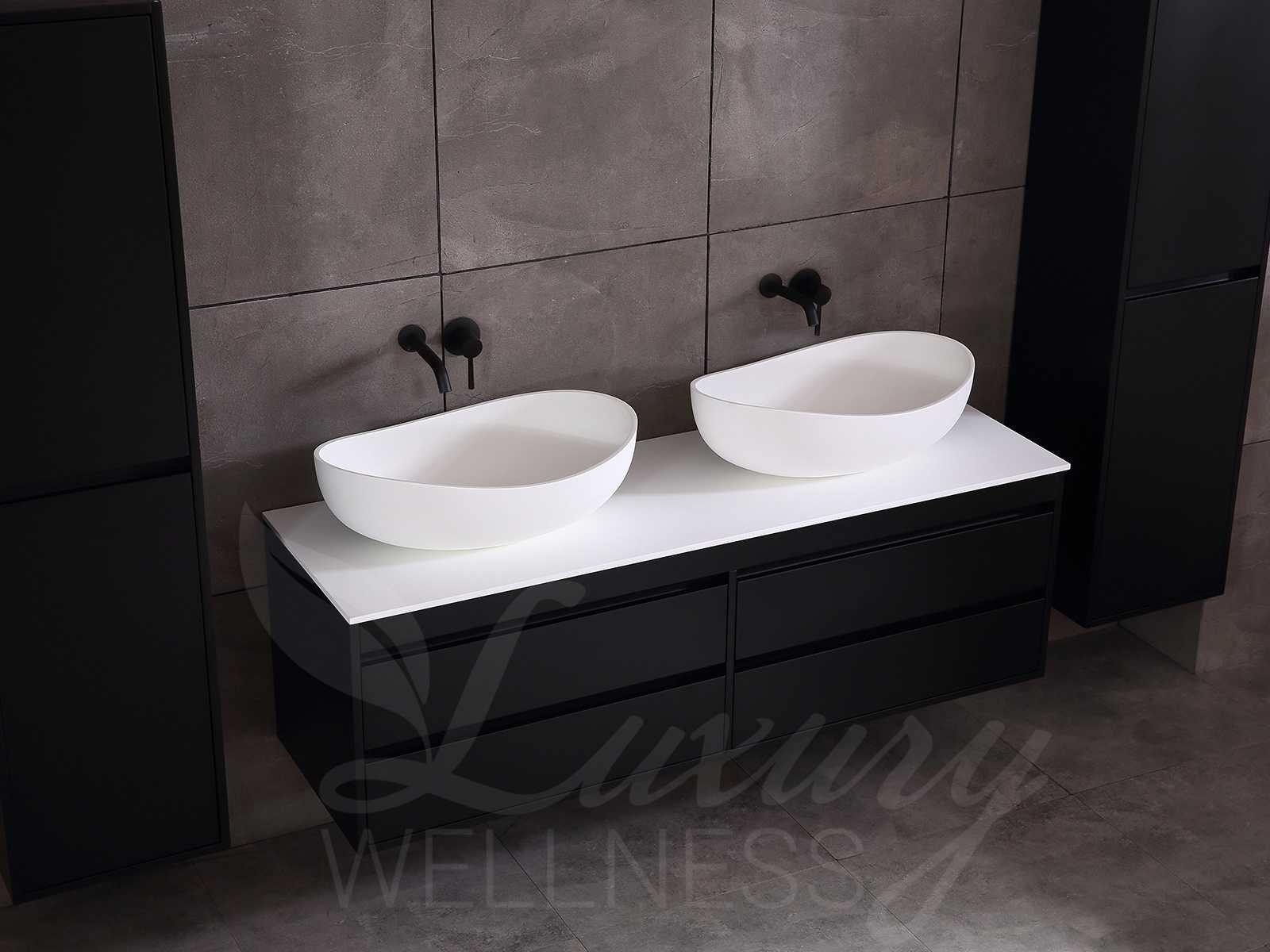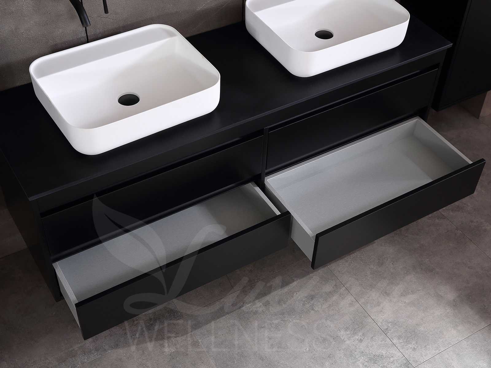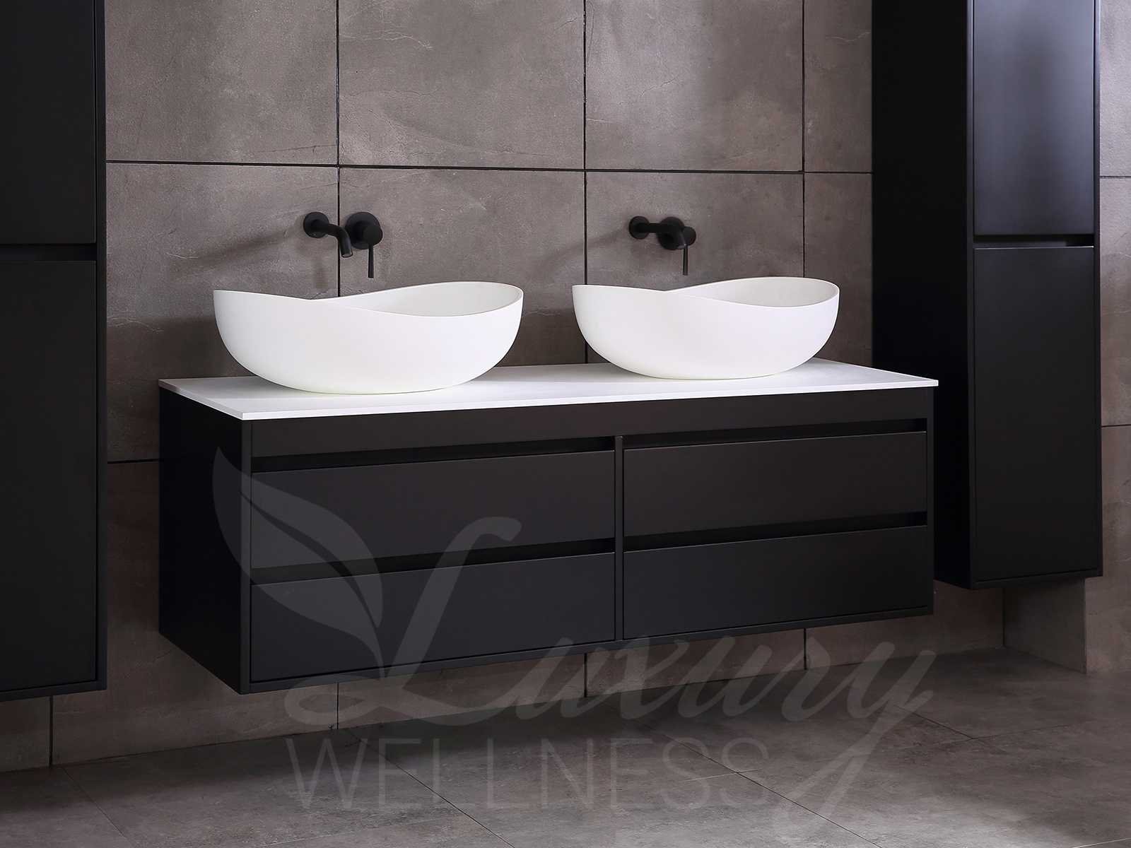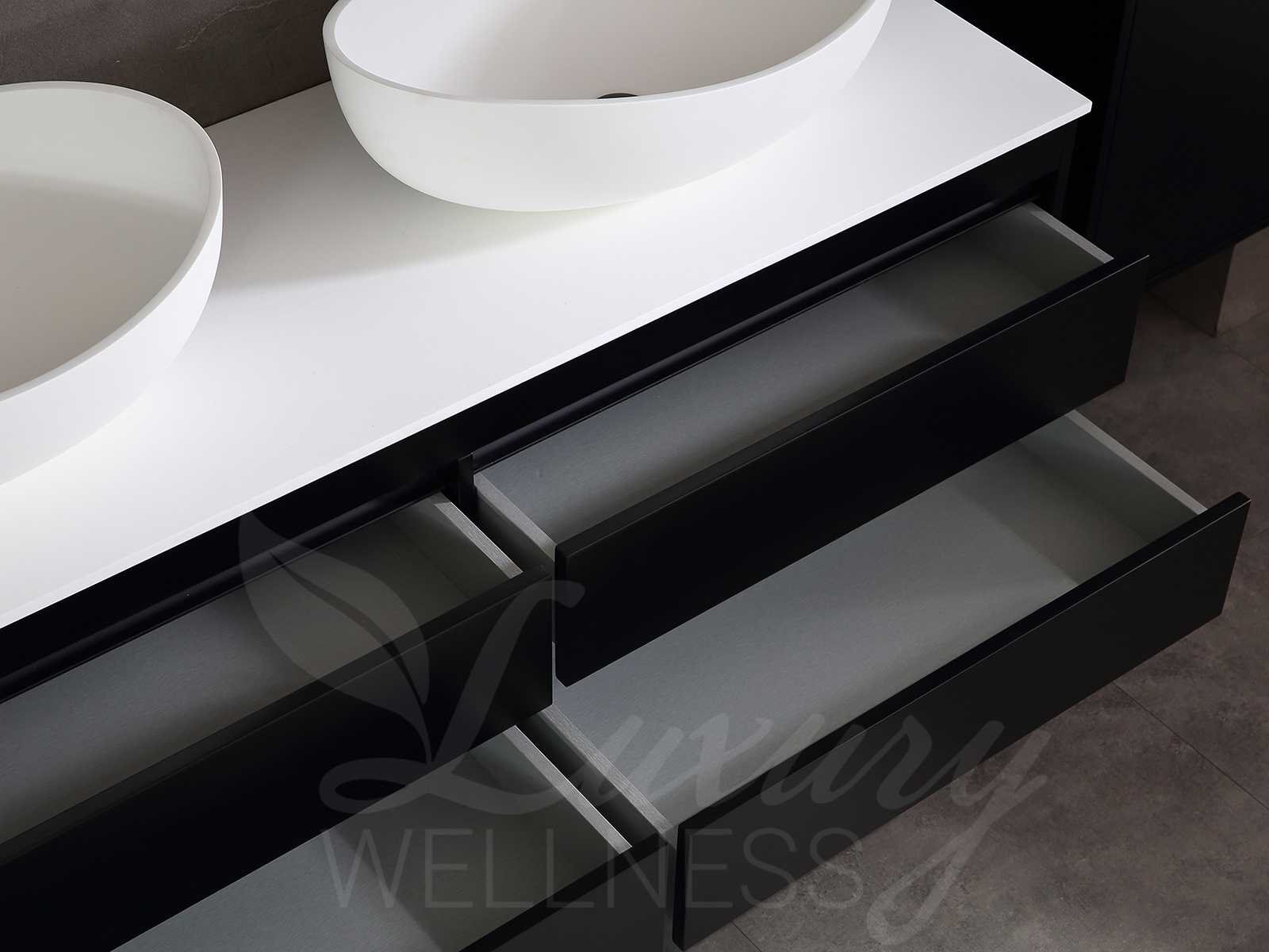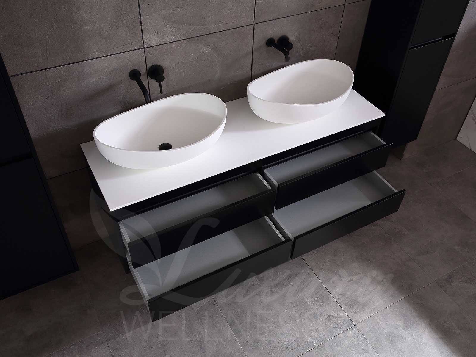 Afmeting meubel bxdxh 160x49x50cm - hangkast 35x35x160cm (1 hangkast zit bij de aankoop), kleur mat zwart, materiaal 2cm 5-laags multiplex(zeer sterk en vochtbestendig),met solid surface topplaat indien gewenst(mat wit of mat zwart), Hangkast softclose deuren en extra planchets (hangkast is universeel en kan zowel links als rechts naast het meubel gehangen worden), kranen exclusief , Lades 4 stuks met softclose, Wasbakken solid surface, natuursteen(met en zonder kraangaten beschikbaar de vaste wastafels) of italiaans marmer (keuze uit diverse modellen en kleuren van de laatste foto's graag doorgeven op afhaaldag), led spiegel met verwarming/radio/klok en vergrootglas met ledverlichting rondom aan de voorkant met 3 verstelbare kleuren led 3000/4500/6000k led-dioden (geel/blauw/wit licht) met de volgende opties digitaal display, geïntegreerde vergrotingsspiegel van 10cm doorsnede met ledverlichting(vergroot 3x), digitale klok, digitale temperatuur aanduiding, 220volt stekker(plug and play), afvoeren exclusief, Conditie: Nieuw in doos, Bijzonderheden 2 jaar garantie, gaten zijn niet in het topblad voorgeboord in u voor deze keuze gaat zodat u zowel muurkranen als kranen vanaf het blad kunt gebruiken of zelf 1 wastafel in plaats van 2 stuks(gaten boren is geen enkel probleem en zeer gemakkelijk uit te voeren bij solid surface) compleet met installatiekit, natuursteen wastafels zijn behandeld met coating, zeer hoge kwaliteit, let op! de hangkast mag geruild worden voor een set kranen en popup afvoeren naar keus of als u een extra hangkast nodig graag op de afhaaldag aangeven voor een passende aanbieding Merk: Mawialux Model: Brandon Hoogte: 50cm Lengte: 49cm Breedte: 160cm Materiaal: 2cm massief top en 5-laags multiplex(zeer sterk en vochtbestendig) Kleur: Mat zwart Kraan: exclusief Wastafel: diverse keuzes Waskom: diverse keuzes Spiegel met verlichting: ja Verlichting: ja Lades: 4 Softclose: true Bevestigingsmateriaal: true Zijkast: ja 1x
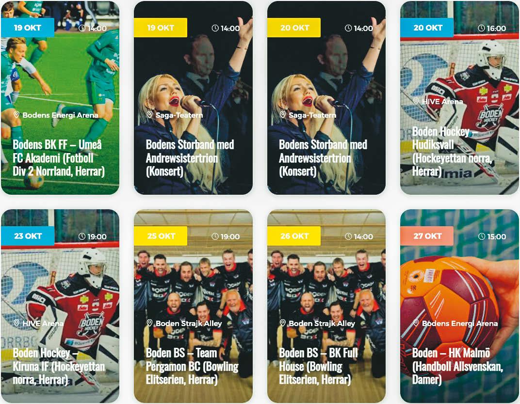 förening, inför helgen med Bodens Storband, Andrewsistersdamerna och hemvändare. Det hela äger rum den 19 och 20 oktober på SAGA-teatern i Boden. Läs mer på sidan 13.
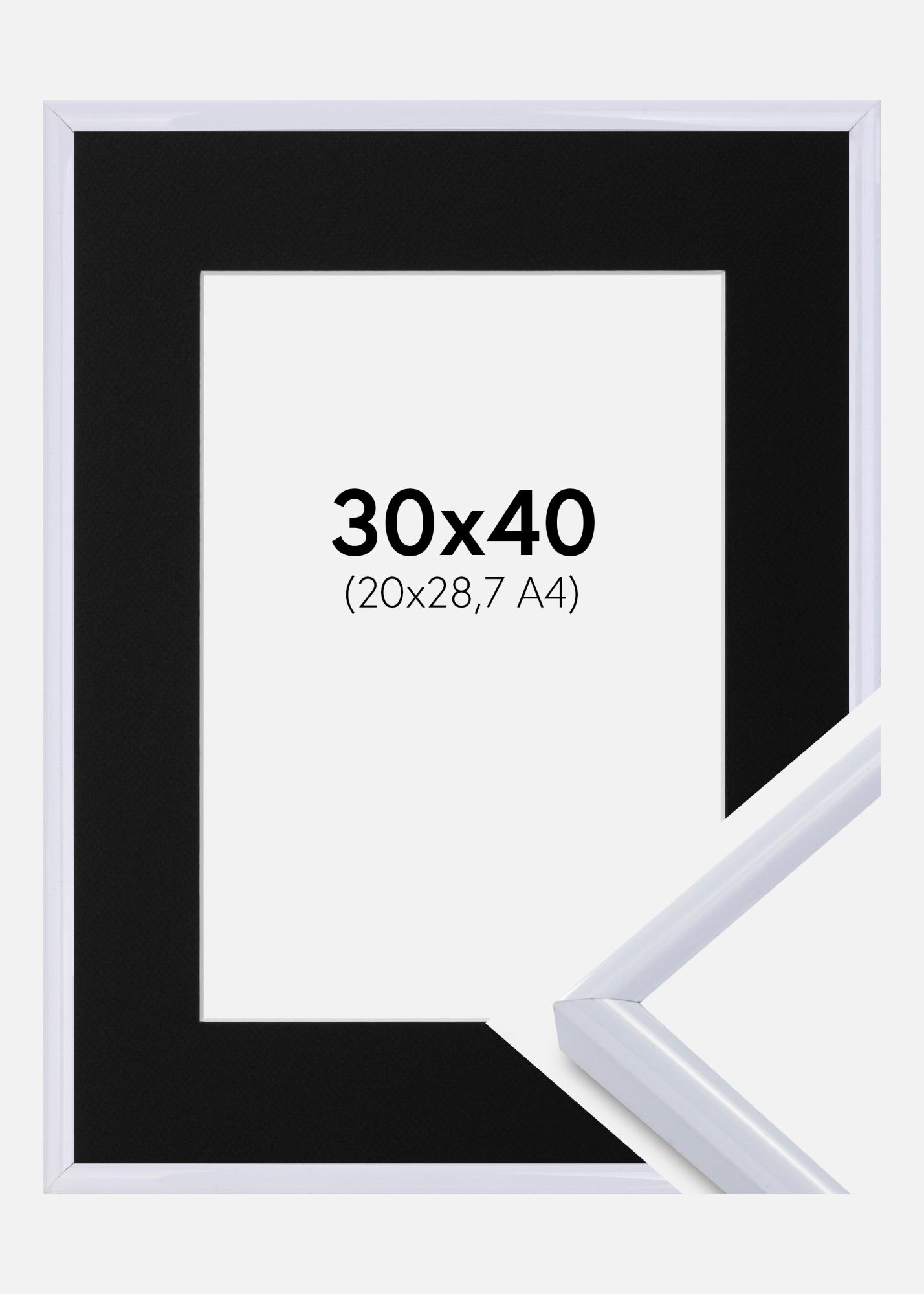 Rahmen Victoria Weiß 30x40 cm - Passepartout Schwarz 21x29,7 cm (A4)
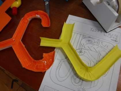 アイディアスケッチを基に、早速コースを作り始めました。まっすぐ転がるコースだけではなく、枝分かれコース、くねくねコースなど色々なコースを作っています。
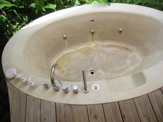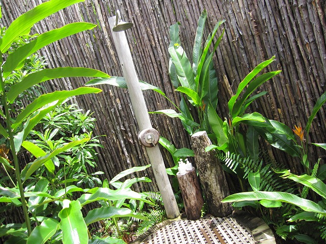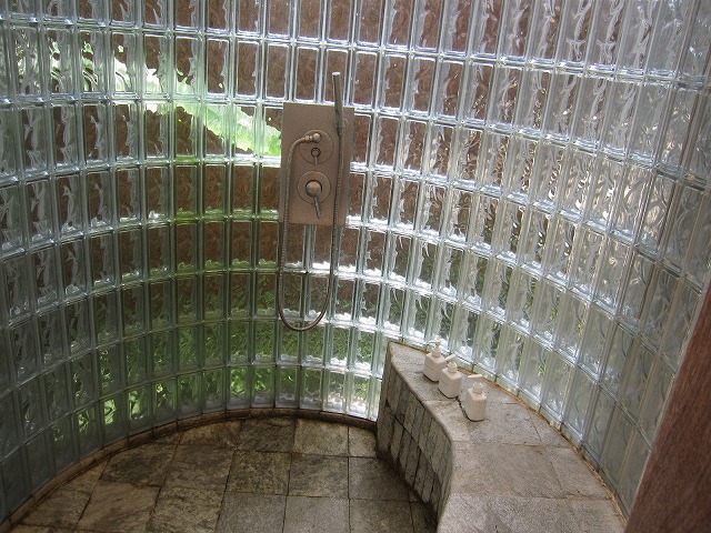ここをバスルームと呼んでいいのか私は躊躇するほどのサイズです。シャワーが二か所あり一つは完全に露天です。囲まれているシャワー室も解放感満点です!準備されているシャンプーなどは十分に環境に配慮されているようです。バスタブも大きなものが準備されています。
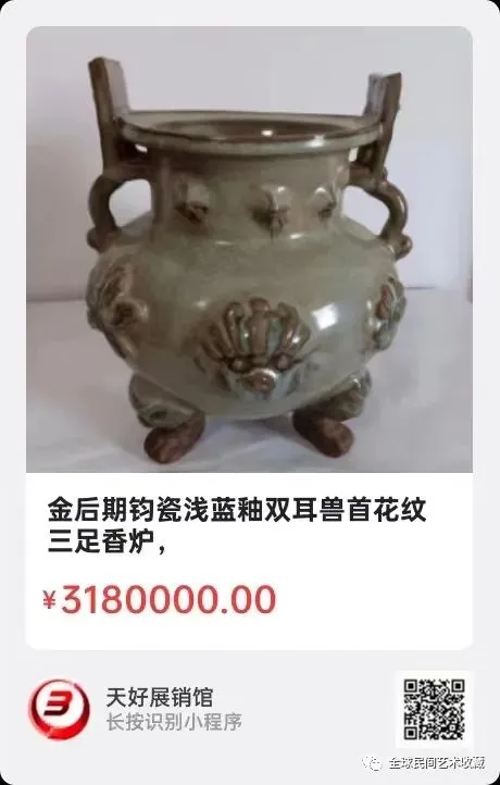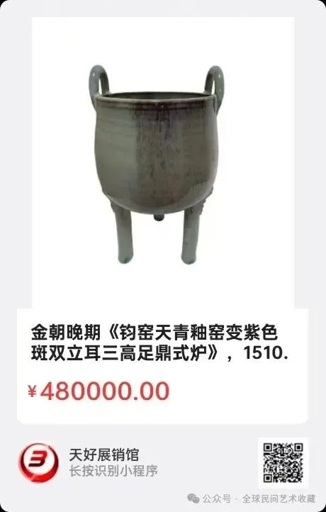 金朝晚期《钧窑天青釉窑变紫色斑双立耳三高足鼎式炉》,高38.3㎝,口径17.5㎝,足矩11㎝。简介:金代陶瓷继承北宋钧窑烧瓷技术,用于礼仪与生活用品生产,工艺虽不算精湛,但器型优美,圈口宽腹底,天青釉色,浓郁鲜亮,局部窑变显淡紫色斑,自然艳美。做为祭祀祈福用香炉,又设计制成了高足鼎式,雍容肃穆,当人们敬天祭祖、香烟了绕时,彰显了皇权或儒教传统文化习俗,如“焚香礼进士,彻慕待经生,教化子民以礼教”!来源1510.V.
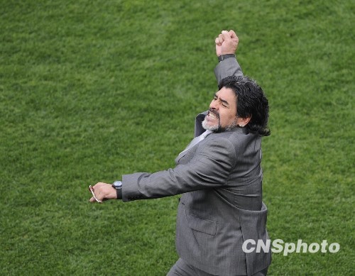 自从2008年挂帅阿根廷国家队,到球队兵败南非0-4惨遭德国队血洗,站在场边的马拉多纳始终是国际足坛最吸引人眼光的人物,而阿根廷队从跌跌撞撞杀入世界杯,到小组赛阶段的顺风顺水,到1/4决赛崩盘般惨败,再到队内隐藏的种种矛盾浮出水面……马拉多纳就像一个近乎癫狂的乐队指挥,在他的指挥棒下流出的乐声或慷慨激昂或凄惨哀婉,在提前到来的高潮之后最终归于沉寂,从这个角度来说,马拉多纳无愧“最佳导演”这一称号。

━━━━━━

Reproduce exactly the lines above starting at the line containing "Rahmen Victoria Weiß" and ending at the line containing "ここをバスルームと呼んでいい", including both, but not the pictures.

• Response to this exercise:
 Rahmen Victoria Weiß 30x40 cm - Passepartout Schwarz 21x29,7 cm (A4)
 アイディアスケッチを基に、早速コースを作り始めました。まっすぐ転がるコースだけではなく、枝分かれコース、くねくねコースなど色々なコースを作っています。
ここをバスルームと呼んでいいのか私は躊躇するほどのサイズです。シャワーが二か所あり一つは完全に露天です。囲まれているシャワー室も解放感満点です!準備されているシャンプーなどは十分に環境に配慮されているようです。バスタブも大きなものが準備されています。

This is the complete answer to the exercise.